- [Exercise brief]:
Pull every line that includes the word "Figura" from the data.
**** Records to process ****
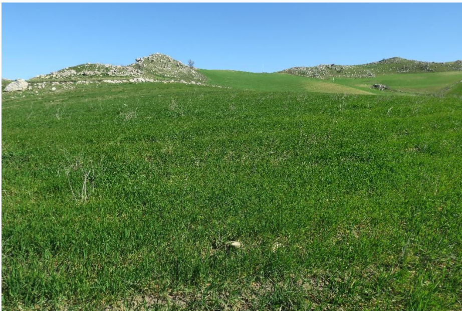
Figura 3. Seminativi
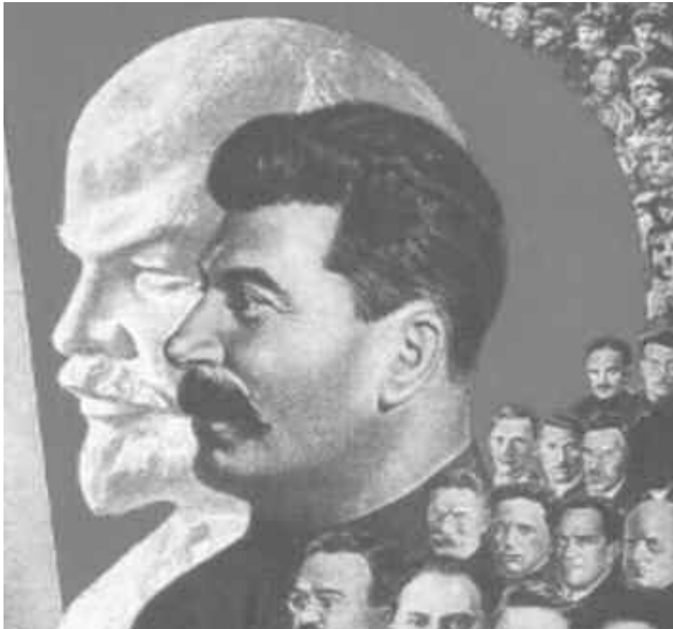
La burocracia estalinista creó un culto a la personalidad de Josef Stalin, al cual "convirtieron" en el heredero del leninismo, para capitalizar el prestigio de la revolución rusa y garantizar la consolidación de su control burocrático del Estado soviético.

aquella década aciaga, la bien llamada "noche del siglo XX". Porque contra viento y marea, contra la acción conjunta del estalinismo, la socialdemocracia y las potencias imperialistas que hicieron de él una persona sin visa de ingreso en ningún país, tuvo el valor y la capacidad de dar continuidad a la tradición del marxismo clásico y revolucionario. Correspondió a Trotsky, y al puñado de revolucionarios socialistas en torno a él, el haber puesto los cimientos y llevado a cabo la fundación de la IV Internacional.
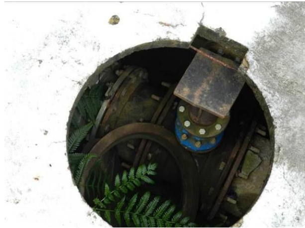
Figura 37 - Reservatório Perocão.

Não conformidade NC9 – Artigo 14, incisos IV da Resolução ARSP nº018/2018, “Deixar de realizar operação e manutenção adequada das unidades integrantes dos sistemas de abastecimento de água e/ou esgotamento sanitário, de acordo com as exigências dos regramentos vigentes”.
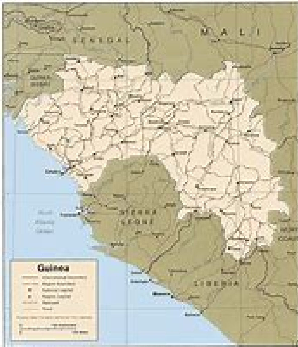
Mapa de Guinea Conakry.
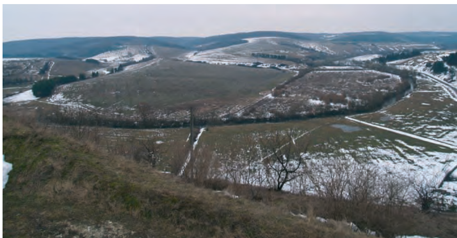
Село Завалів. Загальний вигляд річки Золота Липа та дороги, якою йшов перший курінь УСС. Світлина 2010 р.

лися на фланг російського війська, і їм довелося дещо відступити. Та вже 1 вересня усусуси пройшли через Бурканів і Панталиху й зупинилися на полях між Тютьковим і Бернадівкою (нині Лощинівка, всі вищеназвані села належать до Тербовлянського району).
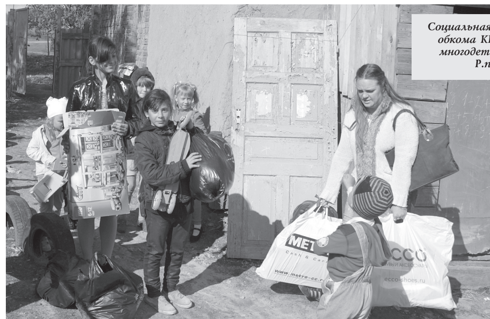
Социальная поддержка от Саратовского обкома КПРФ: подарки коммунистов многодетной семье и детскому саду. Р.п. Лысье горы, 2017 г.
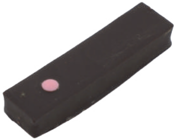
Bouton Ganache floral
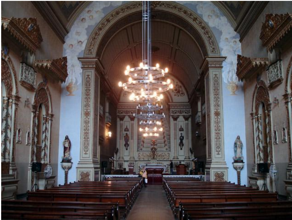
Interior da Igreja Nossa Senhora das Dores
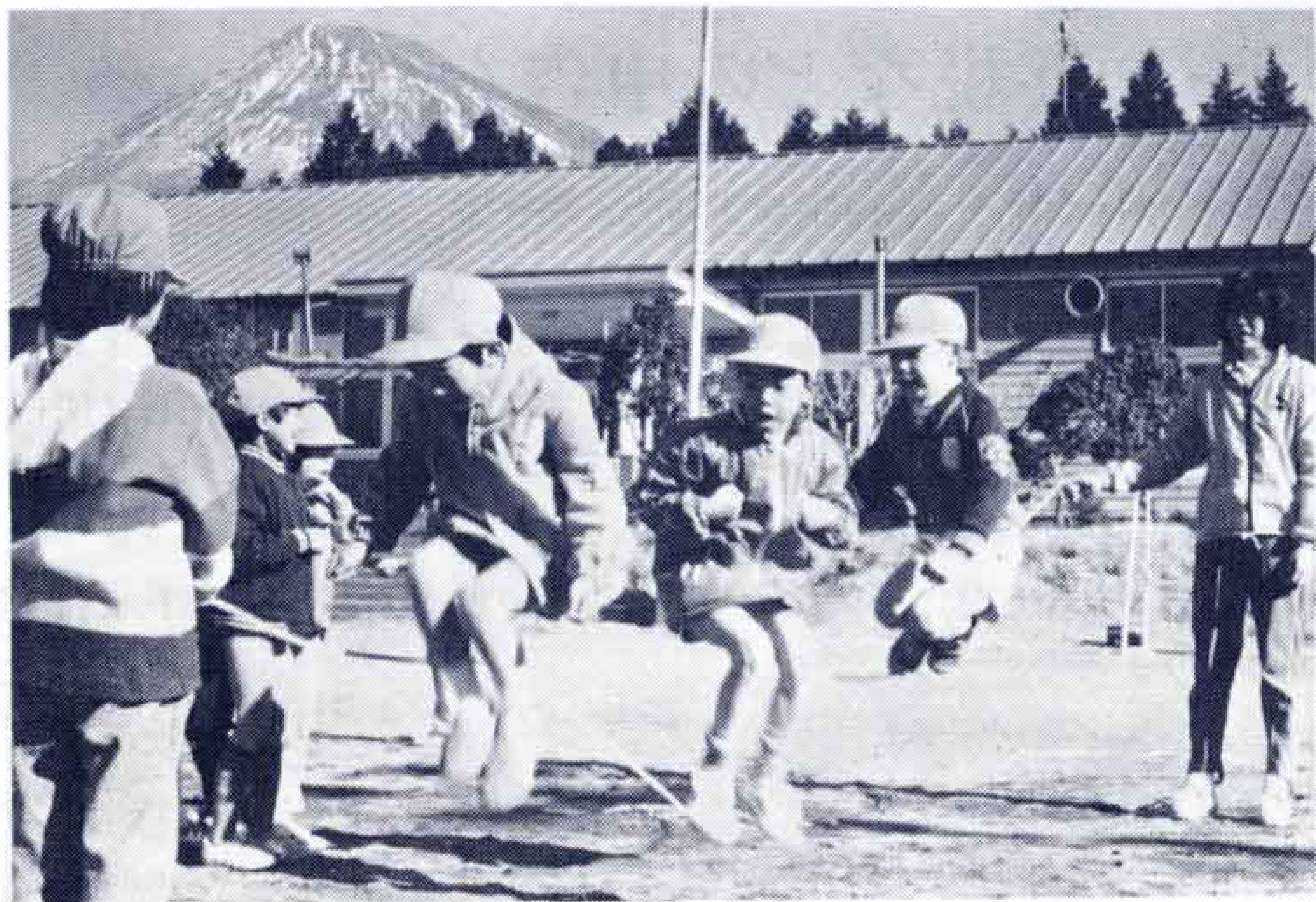
大淵二小の児童たち81人は、なわとびで体力づくり
****
- [Your solution]:
Figura 3. Seminativi
Figura 37 - Reservatório Perocão.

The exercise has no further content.